EXERCISE DATA:
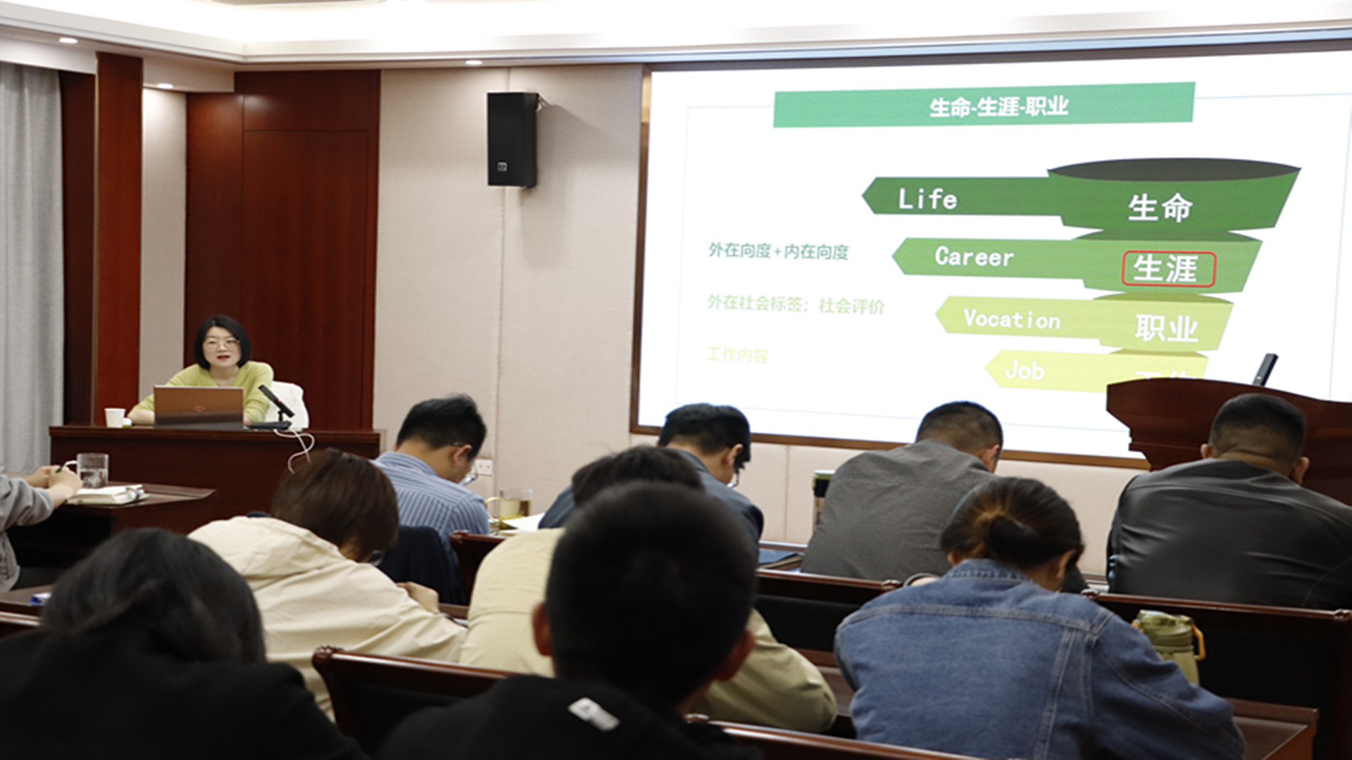 全体学工人员参加了此次培训,培训由学生处心理健康教育中心傅蕴男主持。本次培训邀请到了无锡城市职业技术学院的彭容容博士进行培训分享,彭博士从事一线学生工作多年,并成功创立了“容融生涯规划工作室”,其在生涯教育领域深耕多年,具有一定的影响力。
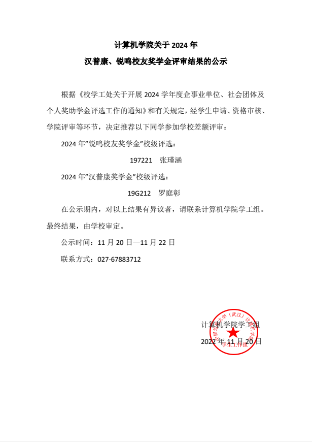 电影天堂 关于2024年汉普康、锐鸣校友奖学金评审结果的公示
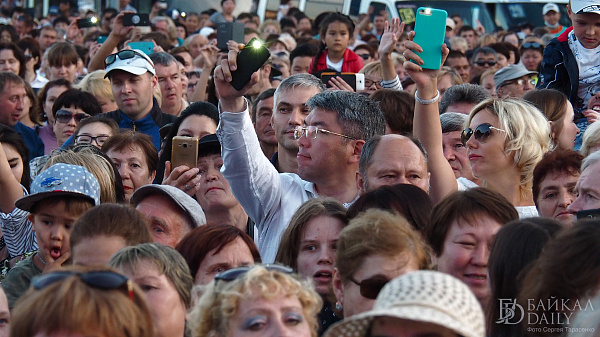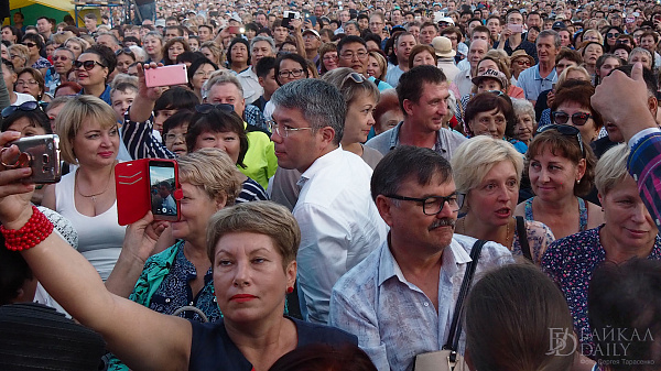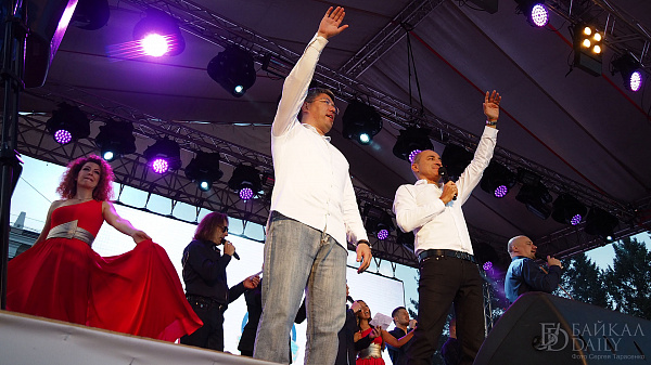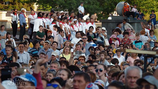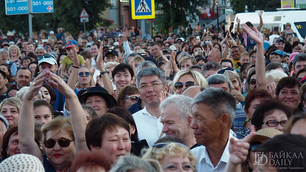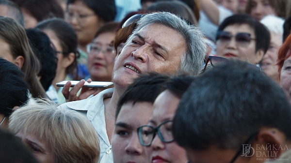 Алексей Цыденов тоже присоединился к мероприятию, наблюдая за концертом из толпы зрителей.Музыканты специально выучили слова гимна Бурятии, который коллектив исполнил вместе с главой республики и всеми жителями, собравшимися на площади. Толпа в один голос пела каждое слово.
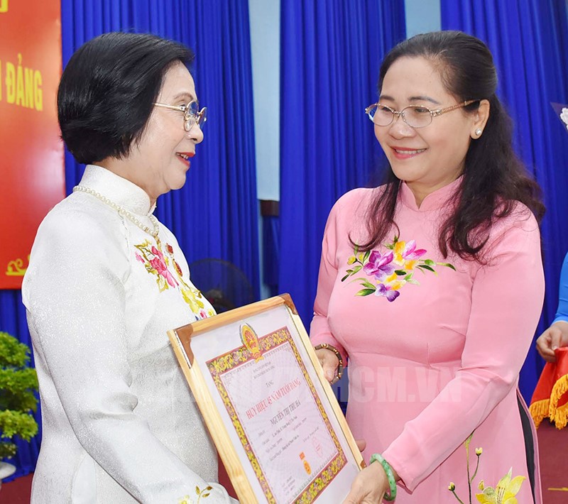 Đồng chí Nguyễn Thị Lệ và đồng chí Nguyễn Quyết Thắng trao Huy hiệu Đảng cho các đảng viên. Thay mặt các đảng viên nhận Huy hiệu Đảng đợt này, đồng chí Nguyễn Thị Thu Hà, nguyên Phó Bí thư Thành ủy TPHCM, bày tỏ niềm vinh dự được nhận Huy hiệu 45 năm tuổi Đảng. “Tôi cảm thấy thật xúc động vì đã được Đảng rèn luyện bản lĩnh chính trị vững vàng, để từ đó ngày càng kiên định, sắt son, một lòng tin vào sự lãnh đạo của Đảng, luôn giữ vững phẩm chất của một người cộng sản, luôn hoàn thành tốt những nhiệm vụ được Đảng giao cho” - đồng chí Nguyễn Thị Thu Hà nhấn mạnh.

WHAT TO PRODUCE: The line with "Алексей Цыденов тоже" marks the end: restate word for word every line from the top of the data through that one, omitting pictures.

WRITTEN SOLUTION:
 全体学工人员参加了此次培训,培训由学生处心理健康教育中心傅蕴男主持。本次培训邀请到了无锡城市职业技术学院的彭容容博士进行培训分享,彭博士从事一线学生工作多年,并成功创立了“容融生涯规划工作室”,其在生涯教育领域深耕多年,具有一定的影响力。
 电影天堂 关于2024年汉普康、锐鸣校友奖学金评审结果的公示
 Алексей Цыденов тоже присоединился к мероприятию, наблюдая за концертом из толпы зрителей.Музыканты специально выучили слова гимна Бурятии, который коллектив исполнил вместе с главой республики и всеми жителями, собравшимися на площади. Толпа в один голос пела каждое слово.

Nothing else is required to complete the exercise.